Under the Stark Law, a “referral” is broadly defined and can be direct or indirect. A referral is defined as “a request by a physician for [an] item or service” including the request of a consultation of another physician and any test or procedure ordered by, or performed by the other physician. A referral may also include the request or the establishment of a plan of care which includes the provision of DHS. In the event a referral has occurred, the referral must be made to an entity for the furnishing of DHS. Under the Stark Law, an entity is broadly defined and includes an organization that bills the Medicare Program or performs a DHS. Assuming a chirpractor has made a referral to an entity, such referral must be made for the furnishing of any DHS. Pursuant to the Stark Law, an entity will be considered to be furnishing DHS if the entity “has presented a claim to Medicare for the DHS.”
Finally, for the Stark Law to apply, a chiropractor must have a financial relationship with the entity furnishing or billing for the DHS. Broadly, under the Stark Law, a financial relationship can occur through either a direct or indirect ownership or investment interest, or a direct or indirect compensation arrangement. In short, if a chiropractor refers DHS to an entity in which the chiropractor receives some remuneration, the Stark Law is implicated. An example of this includes a chiropractor making a referral for durable medical equipment. Because durable medical equipment can be considered DHS, the Stark Law could be implicated.
False Claims Act
The False Claims Act is yet another Federal law that imposes liability on chiropractor related to their billing practices. Generally, the False Claims Act is utilized by the Federal government to combat fraudulent activity committed against the government. In healthcare this typically occurs when a practitioner bills for a service that he or she did not provide or the practitioner bills for services at a higher level than what was actually performed. In the event, the payment by the government to the practitioner would be considered false because it was not otherwise payable. A violation under the Anti-Kickback Statute or the Stark Law could create False Claims Act liability which increases penalties on a per claim basis.

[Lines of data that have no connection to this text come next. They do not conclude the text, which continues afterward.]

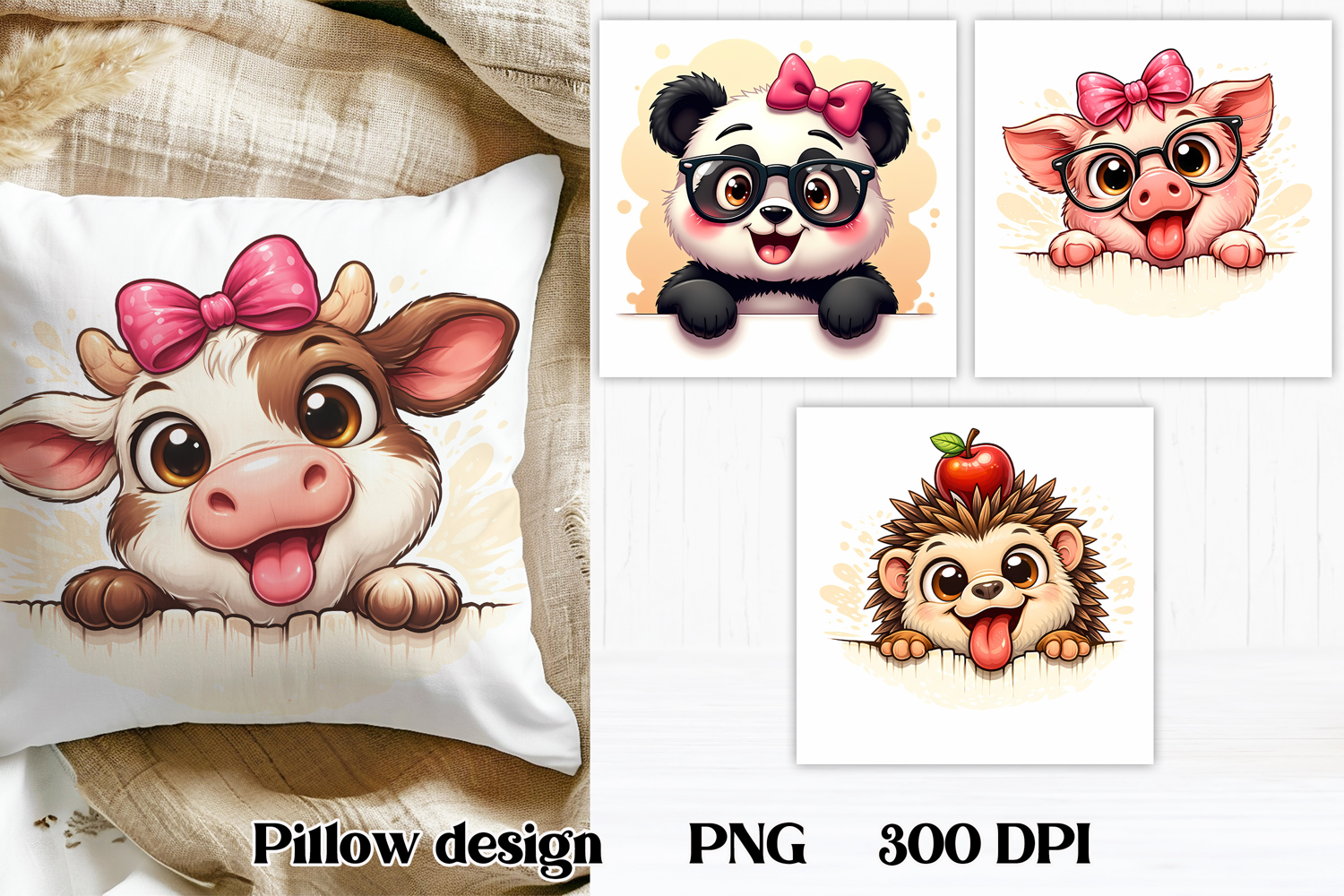 Funny animal peeking pillow | Cute animal pillow sublimation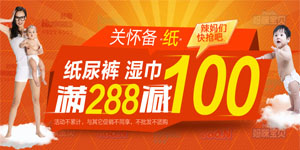苏宁易购大牌纸尿裤&湿巾专场特惠,包含大王、妈咪宝贝、帮宝适、好奇、丽贝乐、飘漾在内的一众品牌,均参与全场购物满288元立减100元的活动。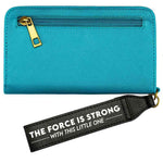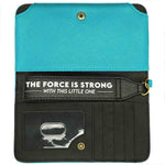 This bi-fold wallet is perfect for any Star Wars fan, featuring Grogu and text The Force Is Strong With This Little One on the wristlet. Crafted with high-quality materials, it offers a durable and stylish way to carry your cards and cash. A must-have accessory for any fan of the popular TV series.

Recent Enforcement Against Chiropractors
One recent case that highlights the importance of properly analyzing chiropractor business relationships occurred in Southern Indiana and Northern Kentucky. Allegedly the clinic billed insurance companies for $5 million worth of services that were never performed. This case is interesting because allegedly the chiropractors were not aware of the services being billed through a medical billing corporation that they had contracted with.
In another case, a chiropractor plead guilty to submitting false claims. Specifically, the chiropractor developed an integrated practice in which various practitioners were involved in the services. The chiropractor billed for services the he was not qualified to perform. Above all, these cases highlight the serious risks and increased enforcement focused upon chiropractor and their billing practices. Because of this increased enforcement, chiropractors should be aware of these complex laws and regulations.